Além disso, acrescenta Borja Ibáñez, às pessoas que sofreram um enfarte são prescritos vários medicamentos para tratar a pressão arterial, a coagulação do sangue, o colesterol e proteger o estômago. Simplificar o tratamento medicamentoso através da suspensão dos beta-bloqueadores, quando estes não são necessários, facilitará aos pacientes o cumprimento do regime de tratamento.
Embora os cardiologistas suspeitem há muitos anos que os beta-bloqueadores podem não ser benéficos em todos os casos em que são prescritos, nenhuma empresa farmacêutica se interessou em financiar um ensaio clínico para avaliar isso.
Os beta-bloqueadores, que facilitam o trabalho do coração no bombeamento do sangue, podem causar astenia e disfunção sexual.
Um novo estudo, no qual participaram mais de 500 médicos e investigadores de 109 hospitais de Portugal e Itália, foi financiado pelo CNIC e pelo Centro de Investigação Biomédica em Doenças Cardiovasculares. Com uma amostra de 8505 pacientes, acompanhados em média por quase quatro anos, este é o maior ensaio clínico sobre a prescrição de beta-bloqueadores a pessoas que mantiveram uma boa função cardíaca após um enfarte.
Aproximadamente metade dos pacientes recebeu terapia com beta-bloqueadores, enquanto a outra metade não recebeu. Os investigadores analisaram o número de hospitalizações, novos enfartes e mortes em ambos os grupos. Em pessoas com função cardíaca normal, não foram encontradas diferenças significativas entre aqueles que tomavam beta-bloqueadores e aqueles que não tomavam.
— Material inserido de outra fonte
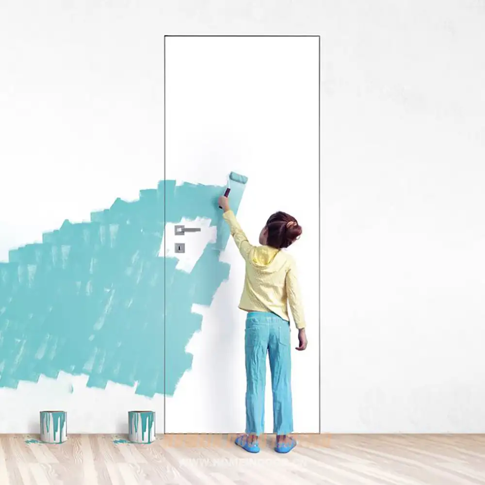 Instead of using pre-finished materials, the door surface is painted on-site together with the wall. This allows for perfect color and texture matching, whether using flat paint, specialty finishes, or even custom textures like Venetian plaster or microcement.

A função cardíaca normal foi definida como uma fração de ejeção superior a 50%, o que significa que o ventrículo esquerdo ejeta mais de 50% do sangue contido nele a cada contração. Os resultados do projeto estão descritos em detalhes em três artigos científicos publicados hoje no The New England Journal of Medicine, The Lancet e European Heart Journal.
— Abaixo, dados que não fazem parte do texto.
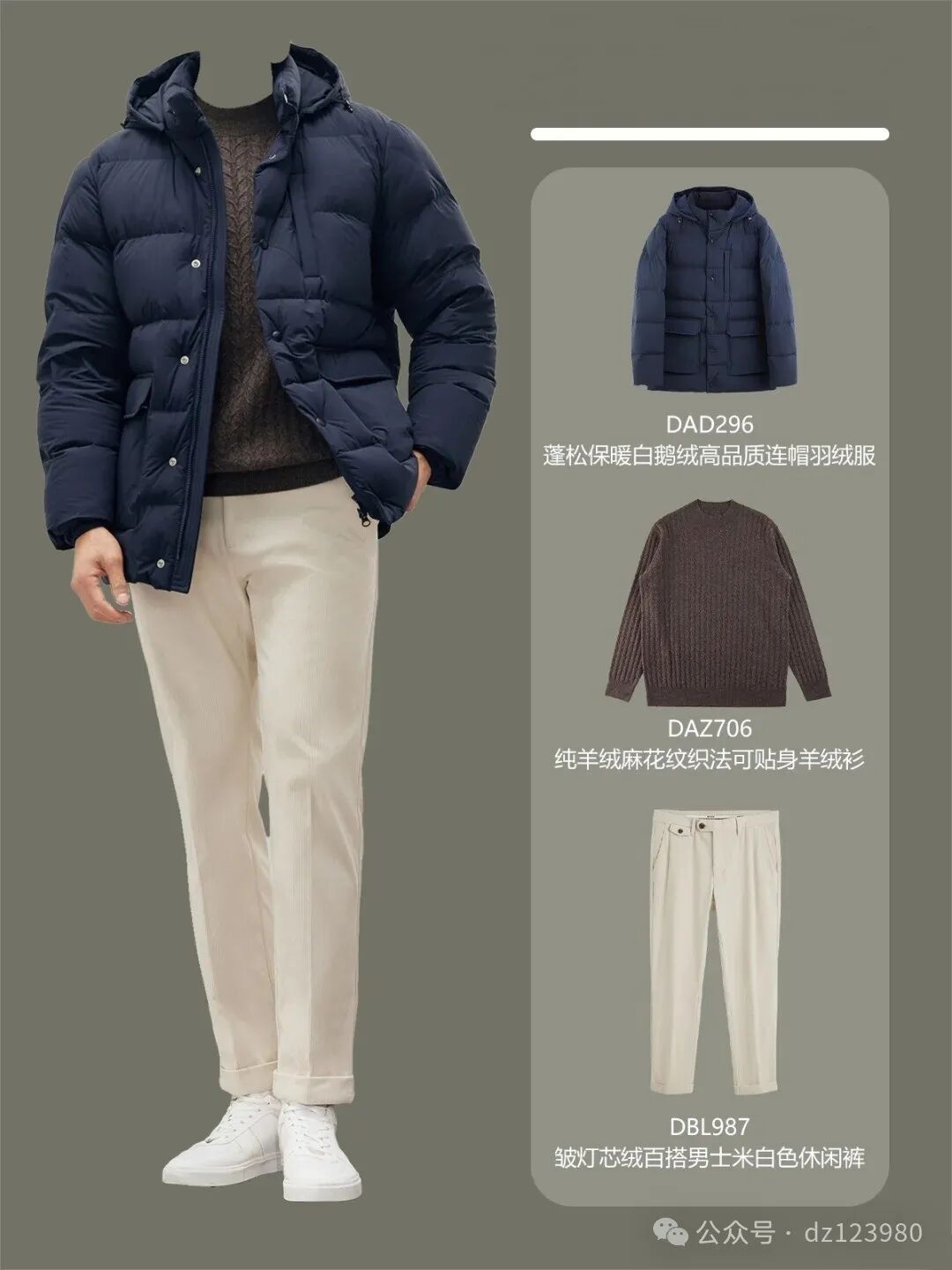 ?第三套:藏蓝色连帽立领羽绒服+羊绒麻花纹羊毛衫+米白色灯芯绒休闲裤+小白鞋

Uma análise separada dos dados relativos a mulheres e homens revelou uma diferença importante. Nas mulheres com função cardíaca normal, a toma de beta-bloqueadores aumentava em 45% o risco de novo enfarte, desenvolvimento de insuficiência cardíaca ou morte nos quatro anos seguintes. Nos homens, os beta-bloqueadores não aumentavam nem diminuíam esses riscos.
«Acreditamos que isso se deve ao facto de as mulheres terem ventrículos cardíacos geralmente menores do que os homens, por isso precisam de bombear mais sangue», explica Borja Ibáñez. De acordo com essa hipótese, os beta-bloqueadores interferem no funcionamento dos ventrículos, reduzindo a sua capacidade de bombear sangue, o que tem consequências prejudiciais.
«Há muito que sabemos que as doenças cardiovasculares se manifestam de forma diferente nos homens e nas mulheres. Estes dados ampliam o nosso conhecimento, demonstrando que a resposta aos medicamentos não é necessariamente a mesma em ambos os sexos», afirma Valentín Fuster, para quem «este estudo deve estimular uma abordagem diferenciada das doenças cardiovasculares em função do sexo».